## WHAT IS EXPECTED:
Reproduce only the lines that begin at the line with "Эти женские ботинки" and run to the end of the entries; omit every picture.

## THE DATA:
========================

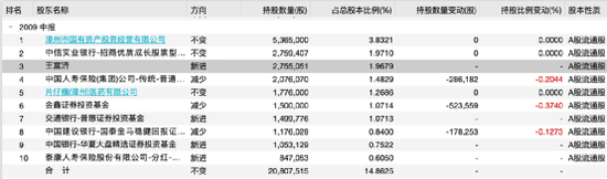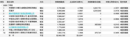 在这只“神股”股价不断上涨之下,吸引了不少大佬纷纷买进。当年曾创造七年十倍奇迹的“公募一哥”王亚伟在2009年中报披露时,他管理的华夏大盘精选成为片仔癀的第九大股东,并在2009年三季度大幅增持,成为片仔癀的第一大股东,持股数量670.59万股,占比4.79%。
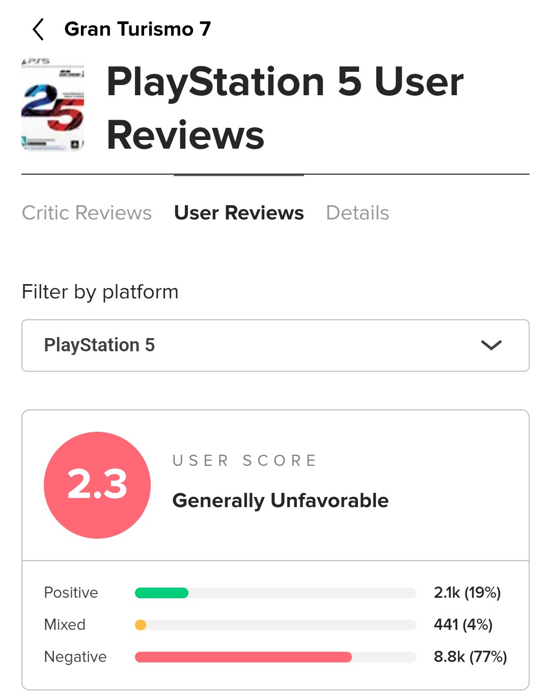 recenzie uz davno nie su objektivne. Vid hodnotenie GT7 vs FM23. FM23 o kategoriu horsia hra ako vizualne tak hratelne, mnozstvo bugov zla optimalizacia a mnozstvo dalsich veci, dokonca to nazvali simulator aj s funkciou vratenia spät o par sekund ci menej postihov. Slaba kariera atd.
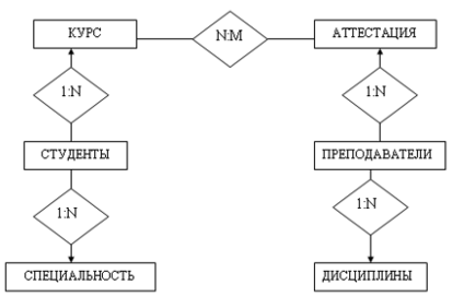 В направлении СТУДЕНТЫ получают АТТЕСТАЦИЯ устанавливаем связь N:M так, как один студент может получает много аттестаций по разным дисциплинам; и много студентов получают одну аттестацию по одой дисциплине.
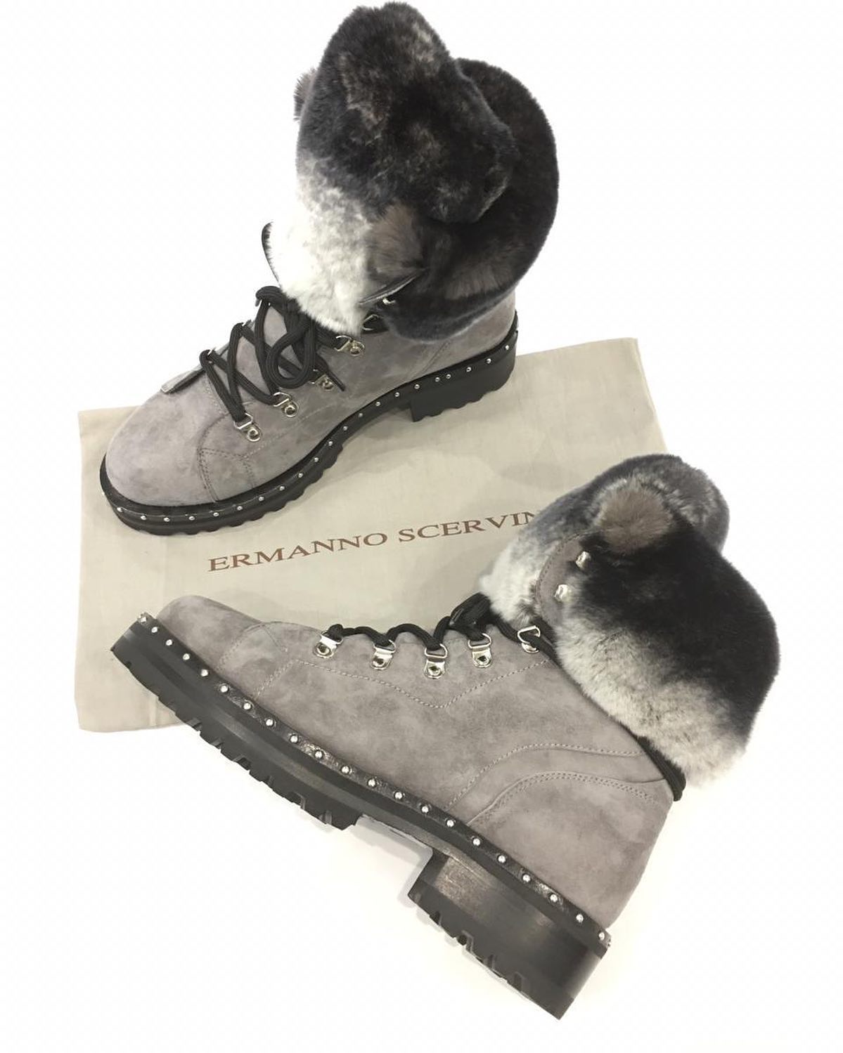 Эти женские ботинки Ermanno Scervino (LUX-37387) сочетают в себе элегантность и практичность. Модель выполнена в сером цвете с отделкой из меха, что придает ей особый шарм. Прочная подошва и детали в виде заклепок подчеркивают оригинальный дизайн. Эти ботинки станут отличным дополнением к повседневному и более изысканному гардеробу.
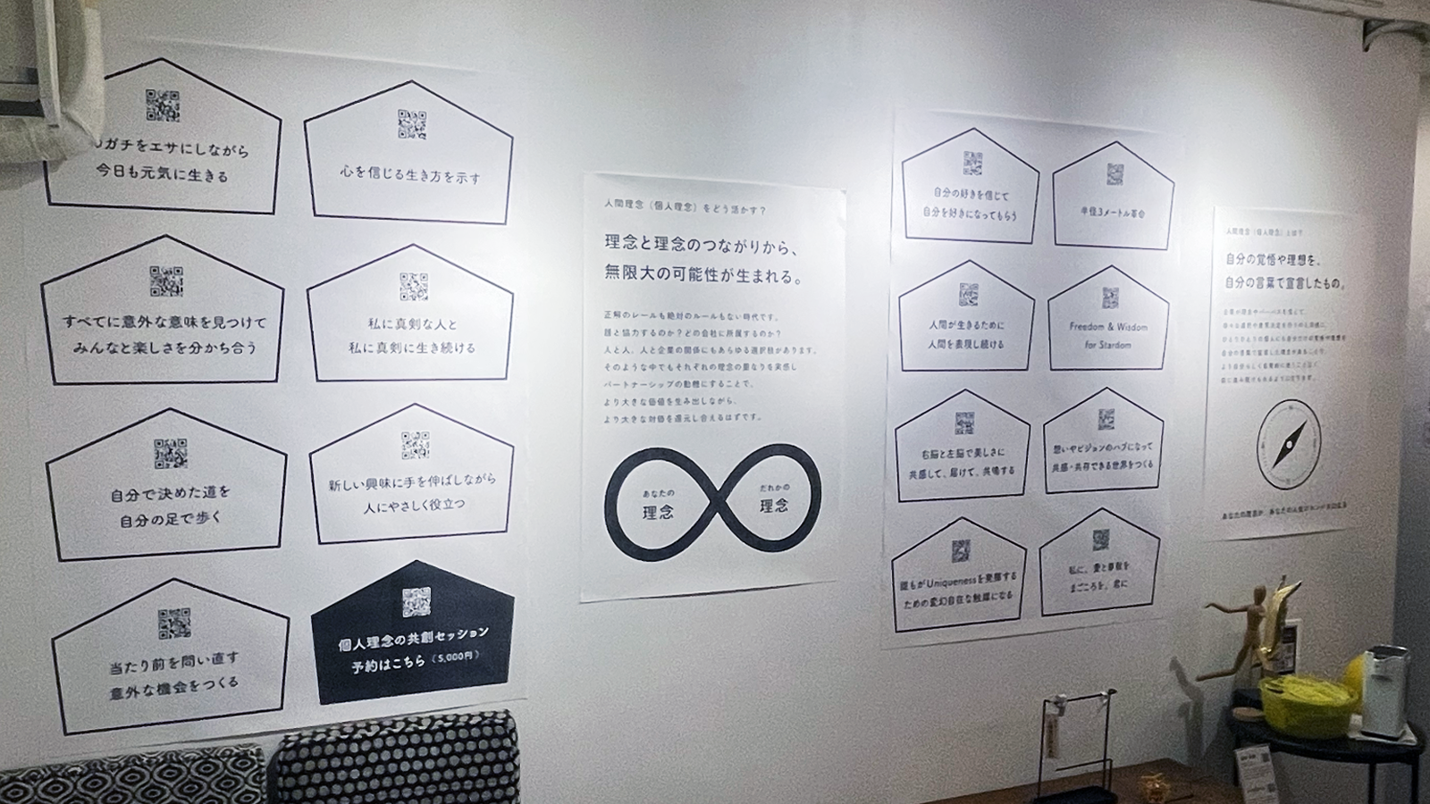 これまでに共創させていただいた「個人理念」の一部を展示しています。併記したQRコードからは、ひとりひとりの活動内容や理念が共創されるプロセスを閲覧することができます。
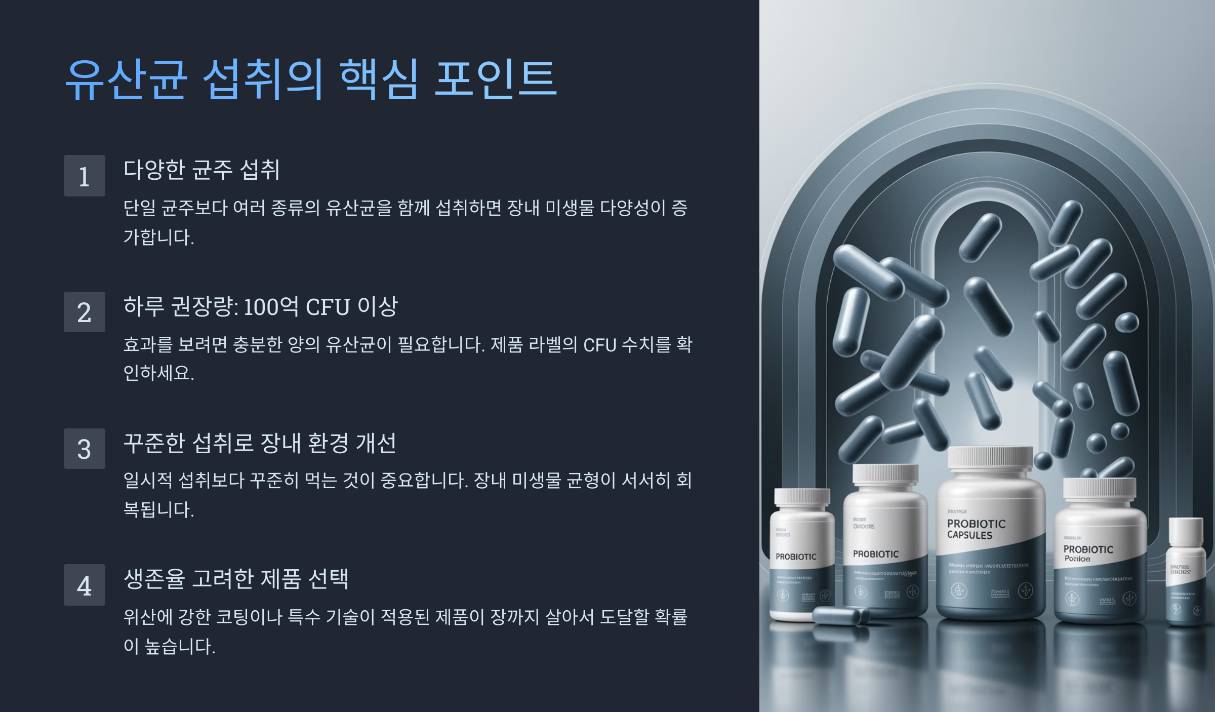 유산균을 제대로 섭취하려면 몇 가지 중요한 포인트를 기억해야 해요. 가장 중요한 것은 장까지 살아서 도착하는 유산균을 선택하는 것이죠. 장에 도착하기 전에 위산과 담즙에 의해 유산균이 대부분 사멸할 수 있기 때문에 코팅 기술이 적용된 제품을 고르는 것이 좋아요.

========================

## THE COMPLETED TASK:
 Эти женские ботинки Ermanno Scervino (LUX-37387) сочетают в себе элегантность и практичность. Модель выполнена в сером цвете с отделкой из меха, что придает ей особый шарм. Прочная подошва и детали в виде заклепок подчеркивают оригинальный дизайн. Эти ботинки станут отличным дополнением к повседневному и более изысканному гардеробу.
 これまでに共創させていただいた「個人理念」の一部を展示しています。併記したQRコードからは、ひとりひとりの活動内容や理念が共創されるプロセスを閲覧することができます。
 유산균을 제대로 섭취하려면 몇 가지 중요한 포인트를 기억해야 해요. 가장 중요한 것은 장까지 살아서 도착하는 유산균을 선택하는 것이죠. 장에 도착하기 전에 위산과 담즙에 의해 유산균이 대부분 사멸할 수 있기 때문에 코팅 기술이 적용된 제품을 고르는 것이 좋아요.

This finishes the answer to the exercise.